Rather than building one visualization style, I designed three. Each with a distinct aesthetic identity that suits different kinds of music. The constraint was that all three had to use the same underlying FFT data; the difference had to come from how that data was rendered, not what it was.

iris

72 spines per rotation, each mapped to an FFT bin. Spine length and weight track amplitude. Hue shifts along the spectrum from bass to high frequencies. Best for dense, layered music with strong sub-bass.

ribbon petals

Bezier paths rather than straight spines, creating a wispy, flowing petal effect. The curve width is modulated by mid-frequency energy. Best for ambient, instrumental, or slow-tempo music.

Bloom

Circles instead of lines, with radius tracking amplitude. Uses Multiply blend to produce saturated, ink-like density that lifts with silence. Best for acoustic, jazz, and sparse arrangements.

05 ∙ the website
upload or record

Two audio inputs: file upload (mp3, wav, ogg, m4a — with album art pulled from ID3 metadata) and live microphone recording with a real-time elapsed timer.
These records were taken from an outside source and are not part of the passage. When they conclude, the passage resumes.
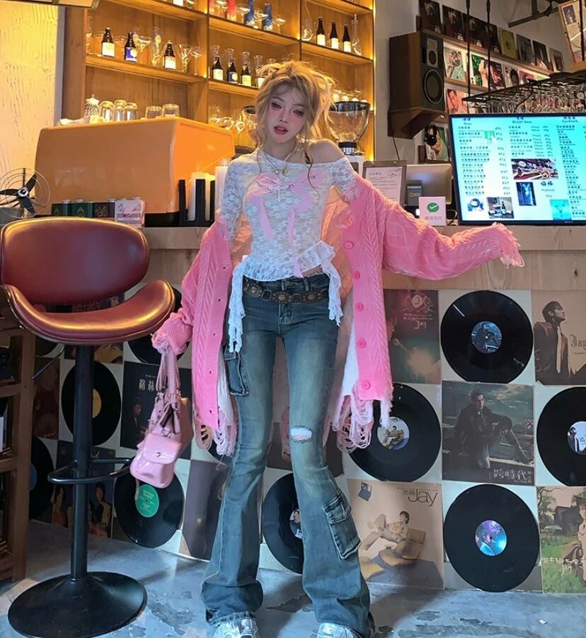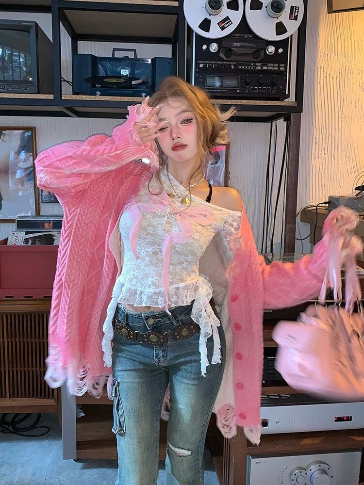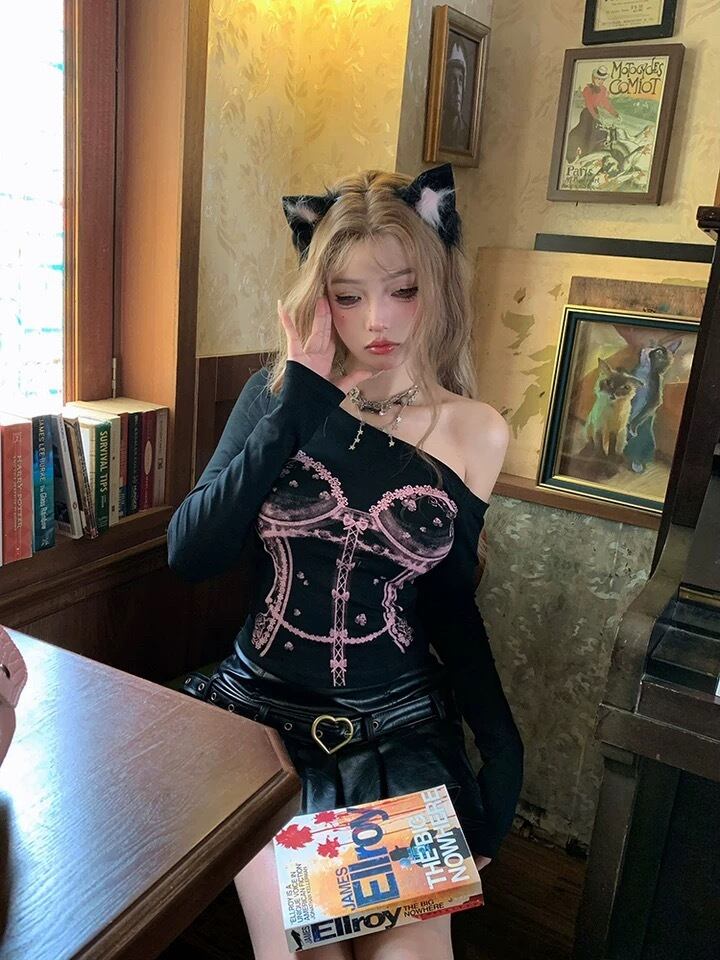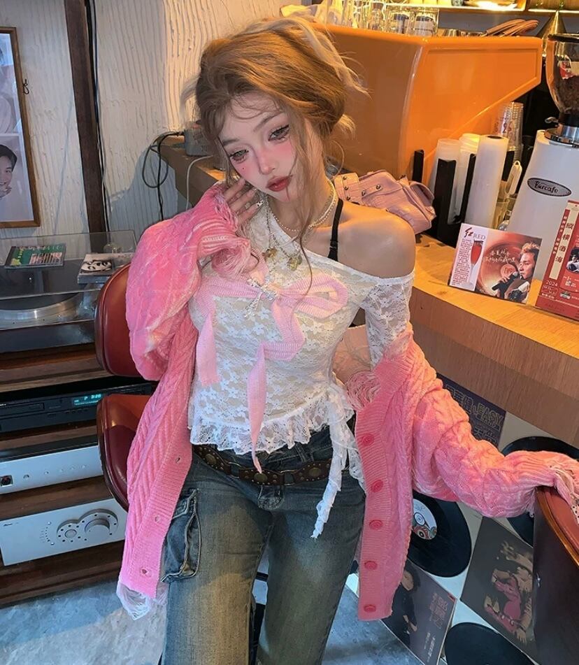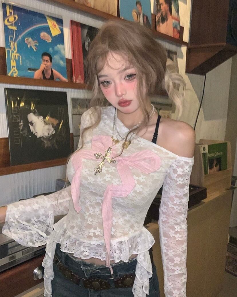 白 ピンク リボン 黒 トップス オフショルダー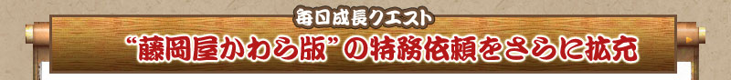 毎日成長クエスト“藤岡屋かわら版”の特務依頼に、“上級者クエスト”剣聖信綱編のボスNPC討伐を追加します。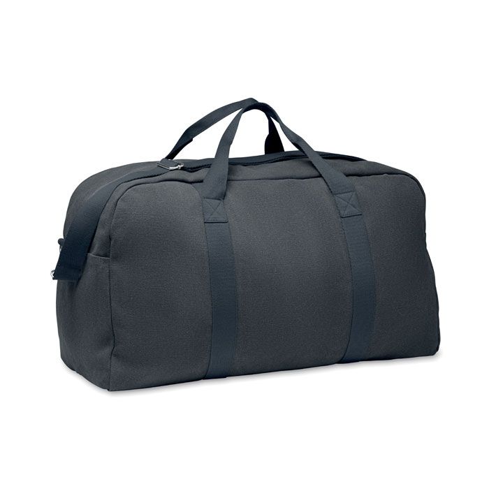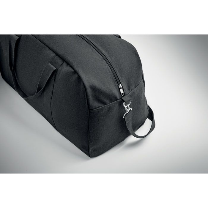 Borsone da viaggio in tessuto riciclato da 450 gr/m² (60% cotone riciclato e 40% poliestere riciclato) con tracolla in cotone regolabile e removibile.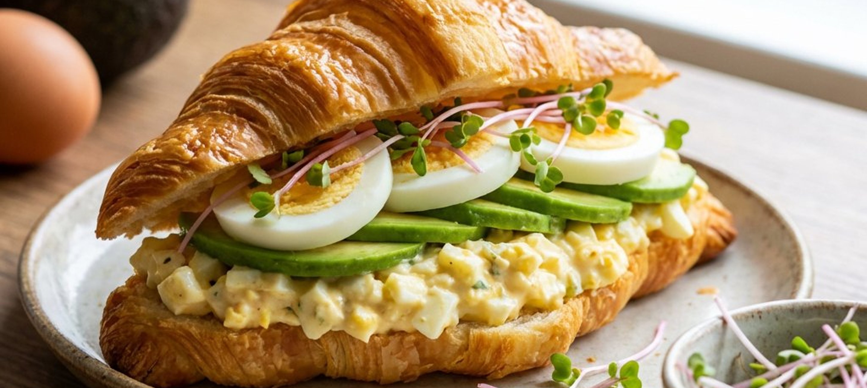 - 2Szeleteld fel az avokádót és a keményre főzött tojást, majd rétegezd őket a croissant alsó felére.

Recorded clips appear as cards that can be tapped to re-record.

archive and save

Snapshots can be added to a persistent local archive gallery (up to 90 images, titled and timestamped) or downloaded immediately as PNG to your device.

06 ∙ craft

Five specific technical choices that each had a design motivation — places where the code and the aesthetics are inseparable.

01

Gamma correction on FFT data

Raw FFT amplitude values cluster heavily at the low end, quiet passages produce almost no visual activity, while loud moments spike. I applied a gamma curve (exponent 1.25) to redistribute energy perceptually. Soft passages still produce interesting shapes. A technical fix with a design motivation.

02

Perlin noise for organic jitter

Each spine's angle is offset by a Perlin noise value keyed to both its position and playback time. The result is that spines wobble slowly and organically rather than staying perfectly rigid. This single addition took the visualization from feeling algorithmic to feeling alive.

03

Screen vs. Multiply

The light/dark background switch doesn't just change the canvas color. Dark mode uses Screen blend (additive—colors glow into the black). Light mode uses Multiply (subtractive—layers of color build to rich, dense ink). The same FFT data produces a completely different emotional register depending on this one variable. An early prototype using Screen on a white background looked washed out and wrong; switching to Multiply was an immediate transformation.

04

Rotation tied to playback position

The iris doesn't spin at a constant speed, its rotation angle is proportional to how far through the song you are, completing one full revolution over the track's duration. This means every song produces a uniquely shaped record of its own time. The iris you see at the end of a 3-minute pop song and a 10-minute ambient piece will have traveled the same angular distance, but through entirely different terrain.